Après le MiniBrute, le MicroBrute et le MatrixBrute, Arturia présente la DrumBrute, une BAR 100 % analogique à prix très agressif. Voyons ce qu’elle a dans les circuits…
Au pays des BAR analogiques, les ours, les loups, les chats et les souris dansent. Jusqu’alors, le marché n’intéressait plus que des marques assez confidentielles telles que MFB et Jomox, ainsi que des nombreux et talentueux DIYers. Mais ces derniers temps, les freins semblent lâchés, les Rhythm Wolf et Tom Cat d’Akai répondent en rythme aux Tanzbär et Tanzmaus de MFB (si ce n’est le contraire). Les BAR d’Akai sont toutefois les seules à proposer une surface de contrôle digne de ce nom, très bien construite avec une majorité de métal, des pads dynamiques et des commandes largement dimensionnées. Autre fait marquant, un prix plancher, de l’ordre de 150 €. Lors de notre test, la qualité sonore globale et la plage des réglages des paramètres de synthèse nous avaient un peu laissées sur notre faim… Aujourd’hui, c’est au tour d’Arturia de proposer sa propre vision de la BAR analogique. Incontestablement plus puissante mais aussi plus chère que ses deux concurrentes directes, la DrumBrute semble embarquer les spécifications techniques pour faire la loi dans la bassecour. Si en plus elle sonne…
Boîte à idées
La DrumBrute est logée dans une boîte en plastique solide de 42 × 28 × 4 cm et 5,6 kg, avec dessous métallique et flancs en bois d’arbre. Sa bonne qualité de construction et ses dimensions généreuses la destinent à la scène et aux performances live, dotée de commandes nombreuses et bien dimensionnées. Analysons la façade en commençant par le haut, avec à gauche un simple afficheur à 3 LED blanches à 7 segments et point, permettant de visualiser le tempo et certains réglages. Tout proches, on trouve les trois commandes de transport du séquenceur et le sélecteur de synchronisation (interne, USB, MIDI, Clock). En dessous, le potentiomètre de tempo et sa touche Tap, les touches de modes de jeu et de programmation. À droite, des touches pour manipuler les motifs (copie, effacement, sauvegarde) et pour naviguer dans les sections de motifs (4 sections de 16 pas, programmation du dernier pas). La partie supérieure droite de la machine est dédiée aux réglages du filtre global, du volume, du Swing, du générateur aléatoire et du ruban répétiteur de boucles (nous reviendrons en détail sur chaque fonction). On trouve ensuite une rangée de 16 boutons multicolores, permettant entre autres la sélection des motifs et la programmation pas à pas.

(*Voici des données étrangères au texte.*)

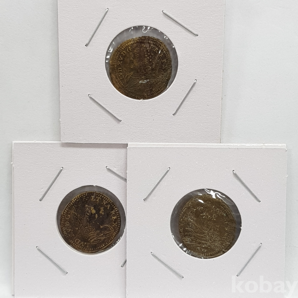 - 1715년 프랑스 19mm 루이 15세 등 메달(토큰) 3종 모음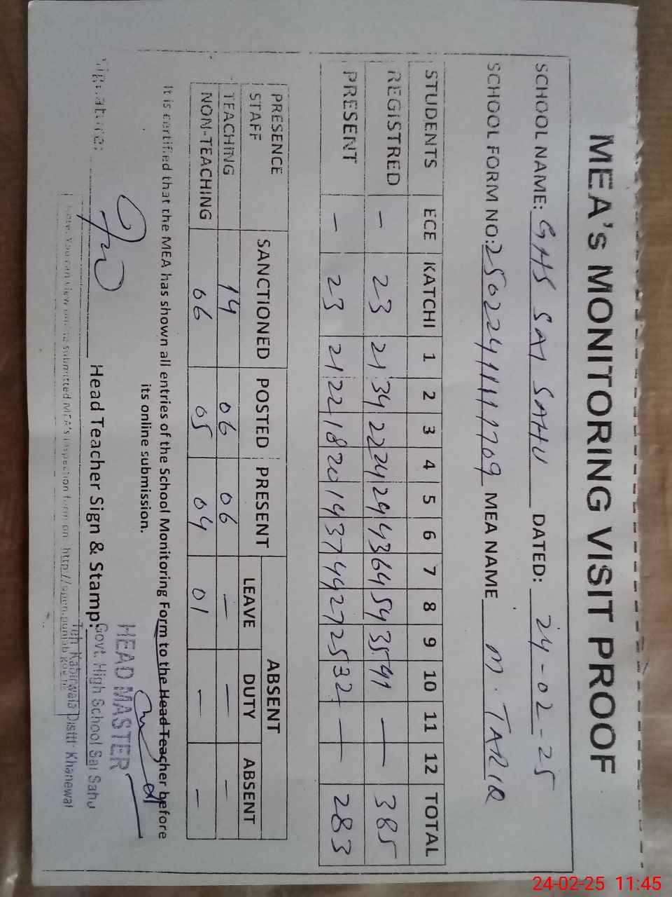 | Attendance Register | Head Teacher | MEA with School | Visit Proof |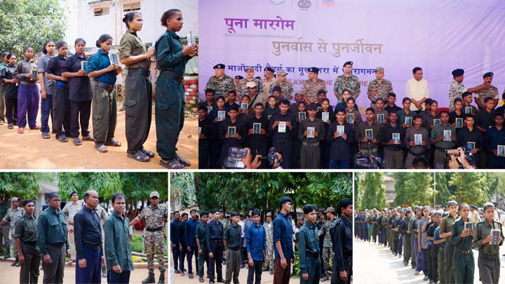 रायपुर- राज्य शासन की व्यापक नक्सल उन्मूलन नीति और शांति, संवाद एवं विकास पर केंद्रित सतत प्रयासों के परिणामस्वरूप बस्तर संभाग में आज नक्सल विरोधी मुहिम को ऐतिहासिक सफलता मिली है. ‘पूना मारगेम – पुनर्वास से पुनर्जीवन’ कार्यक्रम के अंतर्गत दण्डकारण्य क्षेत्र के 210 माओवादी कैडरों ने हिंसा का मार्ग त्यागकर समाज की मुख्यधारा में लौटने का निर्णय लिया है.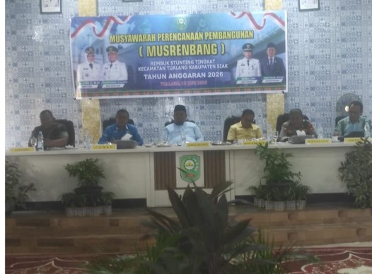MafiNews.com, Siak - Wakil Bupati Siak, Syamsurizal, S.Ag., M.Si, menghadiri kegiatan Musyawarah Perencanaan Pembangunan (Musrenbang) tingkat Kecamatan Tualang pada Jumat, 20 Juni 2025, bertempat di Aula Kantor Camat Tualang. Dalam forum ini, beliau menyampaikan sejumlah program prioritas Pemerintah Kabupaten Siak yang bertujuan meningkatkan kesejahteraan masyarakat.

Les deux tiers inférieurs de la façade sont réservés aux percussions, séparées en 12 sections pour 17 instruments : d’abord, l’ensemble des paramètres de synthèse accessibles, à savoir 36 potentiomètres et 5 sélecteurs d’instrument (nous y reviendrons plus tard) ; enfin, 12 pads pour le jeu et la programmation en temps réel des percussions. Ces pads sont dynamiques et transmettent 2 niveaux de vélocité en interne (normal/accent) et 128 valeurs via MIDI. N’oublions pas le métronome, avec potentiomètre de volume et bouton d’activation, ainsi que les commandes Mute et Solo pour les pistes/instruments.
Le manuel de 74 pages (disponible en français et en anglais) témoigne du nombre de fonctionnalités. La DrumBrute n’en demeure pas moins un instrument intuitif facile à prendre en main, privilégiant un workflow ininterrompu à toutes les étapes, ce qui en fait un gros point fort.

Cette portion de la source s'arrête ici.